One account has Mr. Jang facing a formal charge for factionalization, which is to say that his influence (power base) among KWP cadres threatened to eclipse Kim Jong il’s influence, thus undermining the power of the Suryong. In this account, Mr. Jang is alleged to have disputed Kim Jong il’s dying wife, Ko Yong Hee, over matters of succession with Ms. Ko favoring one of her sons (with the support of OGD Vice Directors Ri Jeh Gang and Ri Ja Il) to succeed General Kim, and Mr. Jang supporting Kim Jong Nam. There is also a story, which seems highly unlikely, that Mr. Jang’s wife Kim Kyong Hui was disowned by her brother, and the possible target of an assassination-by-auto-accident. In the second account of Mr. Jang’s sabbatical, Mr. Jang was found to be residing in a newly constructed palatial home (on par with those of the Suryongs), and that he was removed from office because the grandiosity of the house made him appear to have equal standing with General Kim. Under either scenario, Mr. Jang seems to have been punished for the North Korean version of the sin of pride.

The Washington Post’s Chico Harlan also notes the prevailing speculation, that Jang’s temporary disappearance was a function of his ambition. But whatever the reason, a less selective examination of Jang’s history suggests that he is no more a reformer than Heinrich Himmler or Lavrenti Beria:

For the bulk of his career, Jang was the head of North Korea’s internal security — a de facto enforcer.

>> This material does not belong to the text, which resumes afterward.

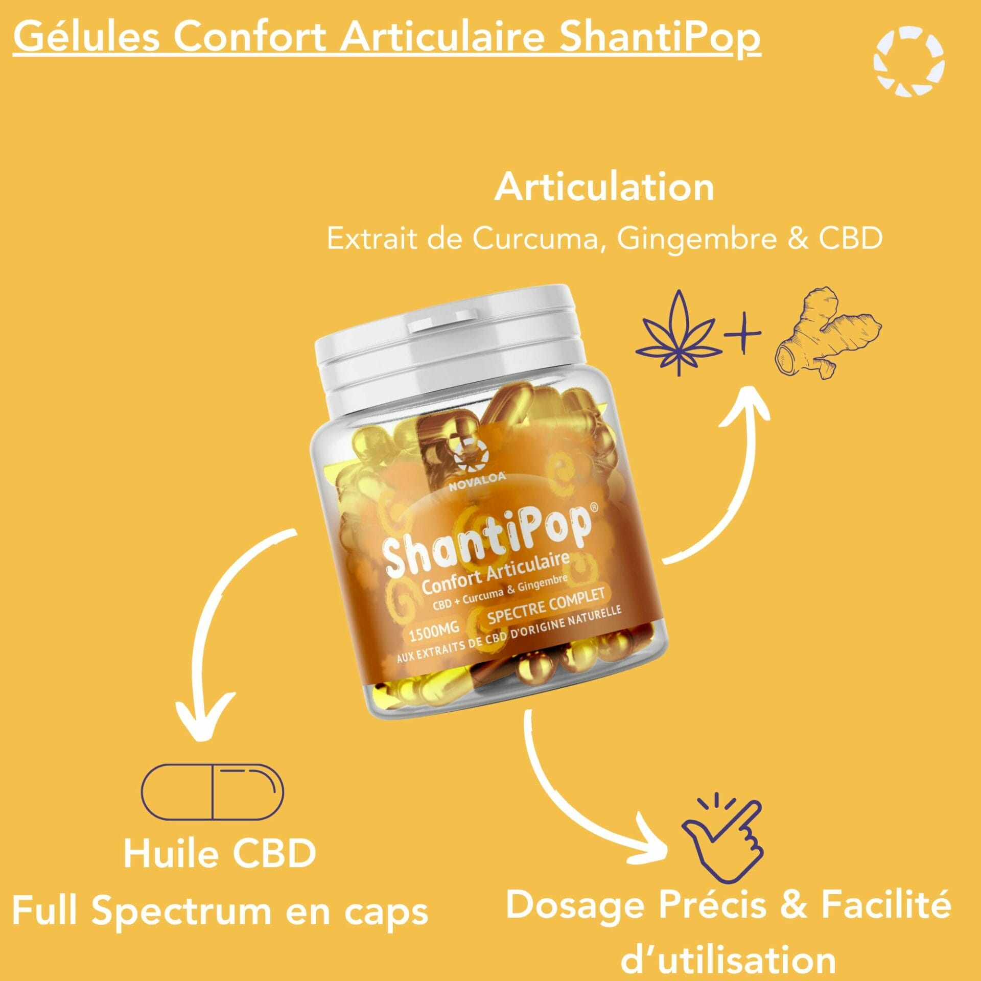Les gélules de CBD en spectre complet contiennent du gingembre et du curcuma aux propriétés anti-inflammatoires. Elles soulagent les douleurs musculaires et articulaires.

As senior deputy director for the Organization and Guidance Department, he oversaw not just public safety but also surveillance. He sentenced top-ranking officials to prison camps, experts said. [Chico Harlan, Washington Post]

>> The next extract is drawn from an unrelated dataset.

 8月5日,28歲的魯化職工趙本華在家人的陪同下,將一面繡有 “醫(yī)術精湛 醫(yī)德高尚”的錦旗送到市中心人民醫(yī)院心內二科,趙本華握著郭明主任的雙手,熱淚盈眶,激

The same positions would also have given him oversight over North Korea’s political prison camps, and under Jang, the capacity and ferocity of the camps expanded greatly at the county and local levels as the system became a means for anjeonbu and bowibu officers to shake down anyone with something to extort.

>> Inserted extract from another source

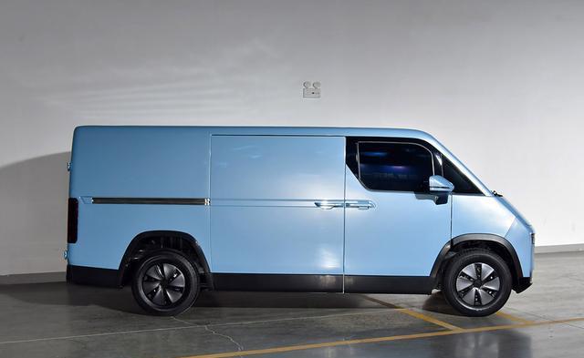 车身侧面部分,固然是使用了平头式的结构,可是前轴为前置布局,悉数车身侧面造型很平滑,使用了单侧的侧滑门预备,另外新车还使用了玄色的轮眉和下包围艰涩。轮毂使用了灰色的轮毂罩艰涩,看上去很前卫。

If Harrison means to cabin his optimism only with respect to economic reform, the evidence is equally unpersuasive. First, no one in the leadership of the North Korean regime deserves credit for the marketization of the North Korean economy. As Marcus Noland and Stephen Haggard have explained in exhaustive detail, marketization came from below as people developed their own strategies to survive the Great Famine. The regime simply found it impossible to enforce rules against trading in those times, and the people have been dependent on the markets ever since. The regime’s most determined effort to reverse marketization came in 2009, as Jang approached the peak of his influence and was frequently mentioned as the second- or third-most most powerful man in North Korea. That year, the regime systematically shut down markets, banned many foreign goods, and eventually launched the Great Confiscation, a retrograde measure that caused immense hardship for the North Korean people. If this is what passes for reformist in Harrison’s eyes, I’d like to know what good he thinks will ever come of it.